Advantages and disadvantages
Among decision support tools, decision trees (and influence diagrams) have several advantages. Decision trees:
- Decision trees are able to generate understandable rules. They are simple to understand and interpret.
- Decision trees perform classification without requiring much computation.
- Decision trees are able to handle both continuous and categorical variables.
- Decision trees provide a clear indication of which fields are most important for prediction or classification.
- Have value even with little hard data. Important insights can be generated based on experts describing a situation (its alternatives, probabilities, and costs) and their preferences for outcomes.
- Help determine worst, best and expected values for different scenarios.
- Use a white box model. If a given result is provided by a model.
- Can be combined with other decision techniques.
Disadvantages of decision trees:
- They are unstable, meaning that a small change in the data can lead to a large change in the structure of the optimal decision tree.
- They are often relatively inaccurate.
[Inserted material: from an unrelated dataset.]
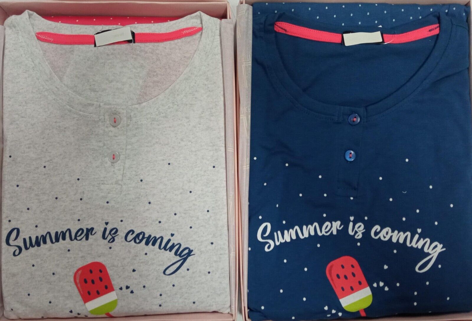 Pigiama da donna realizzato in fresco cotone per la stagione primavera estate.
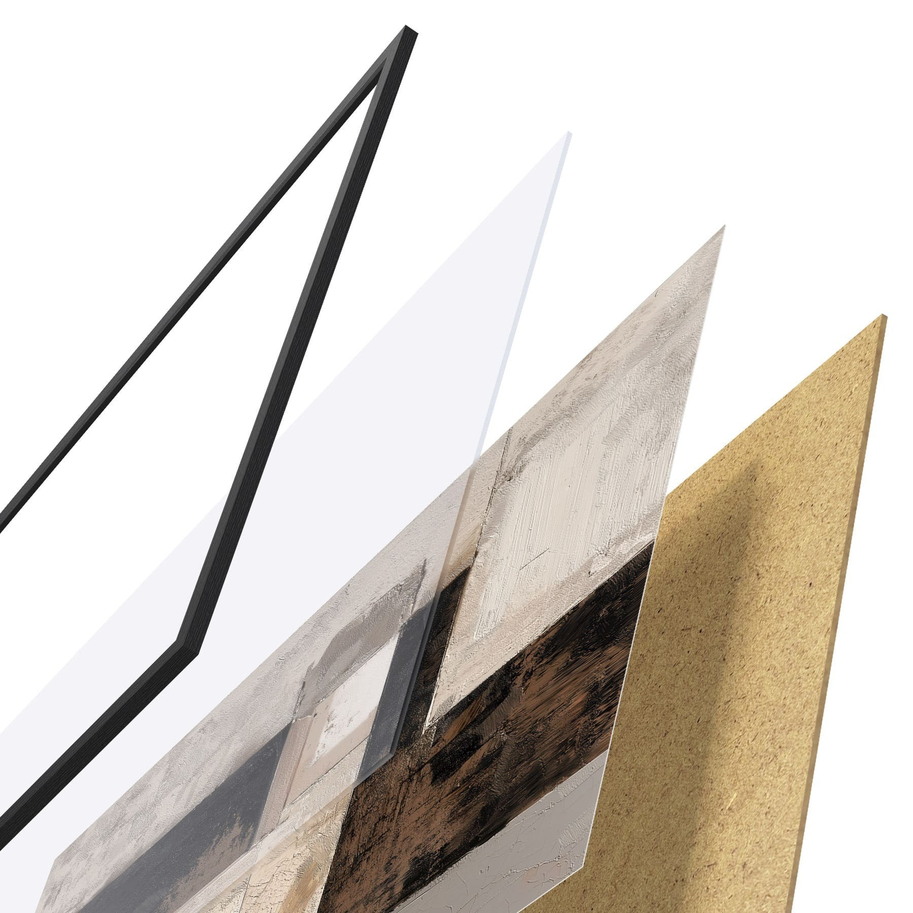 Plakatą sudaro rėmas, pleksiklas, atspausdintas vaizdas ir medžio drožlių plokštės pagrindas. Plakatą galima iš karto pakabinti ant sienos dėl kitoje pusėje esančių laikiklių.

Many other predictors perform better with similar data. This can be remedied by replacing a single decision tree with a random forest of decision trees, but a random forest is not as easy to interpret as a single decision tree.
- For data including categorical variables with different number of levels, information gain in decision trees is biased in favor of those attributes with more levels.
- Calculations can get very complex, particularly if many values are uncertain and/or if many outcomes are linked.
- Decision trees are less appropriate for estimation tasks where the goal is to predict the value of a continuous attribute.
- Decision trees are prone to errors in classification problems with many class and relatively small number of training examples.
- Decision tree can be computationally expensive to train. The process of growing a decision tree is computationally expensive. At each node, each candidate splitting field must be sorted before its best split can be found. In some algorithms, combinations of fields are used and a search must be made for optimal combining weights. Pruning algorithms can also be expensive since many candidate sub-trees must be formed and compared.